Here is how I made DT Office eat files:

  1. Created a file with random data and pdf extension:

$ dd if=/dev/urandom of=Desktop/file.pdf bs=1024 count=10

  1. Pulled this file together with some others into the Sorter with command key pressed.
  2. The other files are in the inbox, but file.pdf is gone. No warning given. There is an entry in the protocol however.

It doesn’t have to be random data: Just giving a plain text file the .pdf extension is enough to provoke this behaviour.

This worries me, because I plan to import rather huge quantities of files into DevonThink. Imagine I lose 1% of my import. Even if it’s not a real pdf file, I would like to preserve it. It’s not unlikely that some files in my collection have the wrong extension. Just deleting those is not what I had expected.

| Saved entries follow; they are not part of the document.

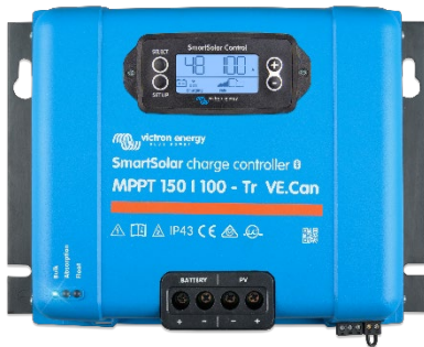
SmartSolar Charge Controller MPPT 150/100-Tr VE.Can with optional pluggable display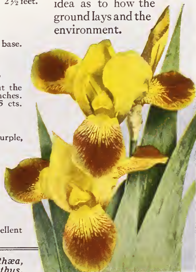
Iris variegata honorabilis

ANYONE can have a garden just as pretty as this. It takes some planning, of course, but it is surprising how little. What a satisfaction there is in being able to take your friends into such a haven of beauty. As with any of your horticultural problems, we will gladly assist when invited. All we want is the dimensions. A photograph is mighty helpful to give us an idea as to how the ground lays and the environment.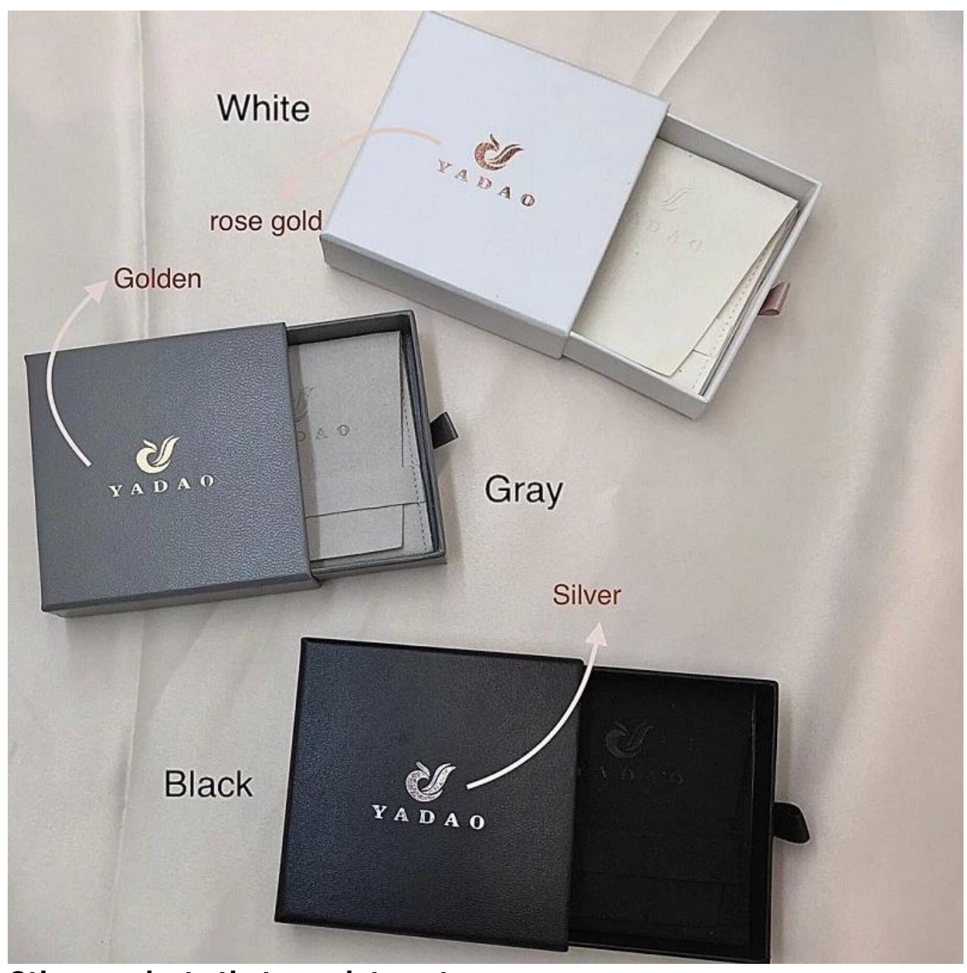
Other products that may interest you: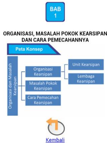
Figure 3. Concept Map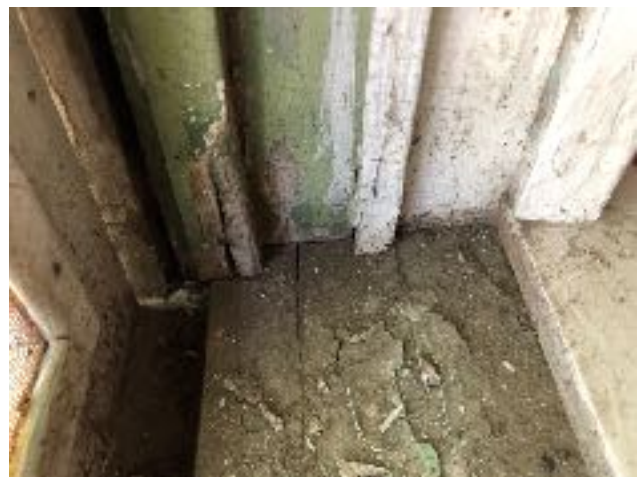
Image of window condition 1408 West 9th Street (this page). Evidence of Rot, Termite damage, and physical damage present. Damage to existing windows due to plexiglass reinforcement and lack of weatherstripping causing further moisture damage at window frame.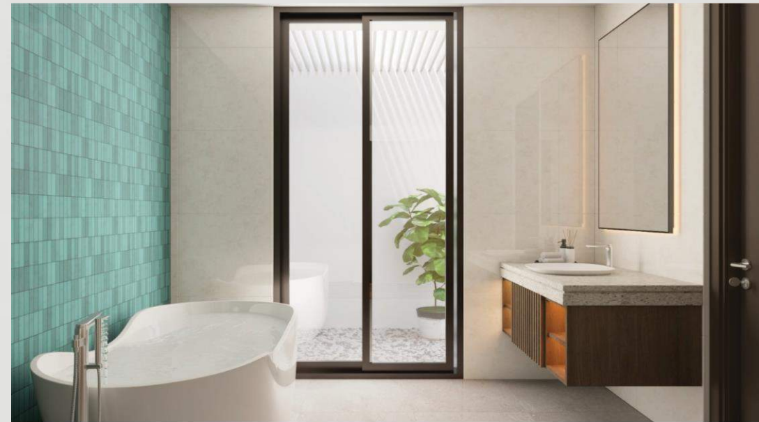
Semi Open-Air Bathroom in Master Bedroom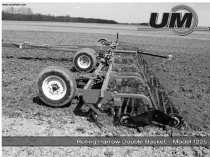
Rolling Harrow Double Basket - Model 1225

The Rolling Harrow soil conditioner levels, incorporates chemicals and finishes the soil in one smooth, efficient operation. You'll get a firm, level field with coarse soil on top that resists crusting, with the finer soil particles at planting depth for optimum seed-to-soil contact.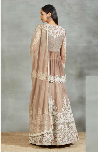
CHAMPAGNE PEPLUM LEHANGA SET //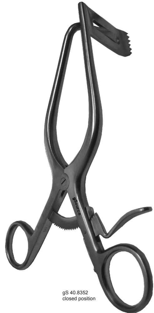
gS 40.8352 closed position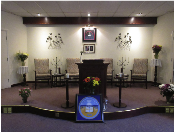
Fig. 2. Fenton spiritualist church, June 2017.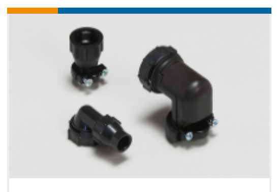
Unscreened Circular Connector Backshells & Clamps(56)

The files have not been deleted, but they have been moved (by virtue of holding down the command key when you dragged them to the Sorter) and not imported (by virtue of being the wrong file type). The log window will display the files that failed to import and you can navigate to them by a) right-clicking on them in the log window and selecting ‘Show In Finder’ or b) in the Finder, go to ‘~/Library/Application Support/DEVONthink Sorter/Global Inbox/’ (assuming that the Global Inbox is where the documents were dragged).

I see. Is it that DevonThink generally cannot import files with known extensions but content that it doesn’t understand? Or is this limited to pdf files?

And is there a way to change this, i.e. tell DevonThink “Please do import every pdf file even if you don’t understand it”?

It is not a question of DEVONthink not ‘understanding it’. DEVONthink does understand that the file type doesn’t match the extension, so it is not imported because the document may be corrupt. Preview will not open one of these (non) PDF documents either for the same reason.

Even if DEVONthink could/can be forced to import these documents, personally I would rather discover that the documents may be corrupt at the time of import, so that I can reconstruct them or find a non-corrupted version in a backup. If I import them and then find out days, weeks, or months later that the documents are corrupt, it may be too late to do anything about it.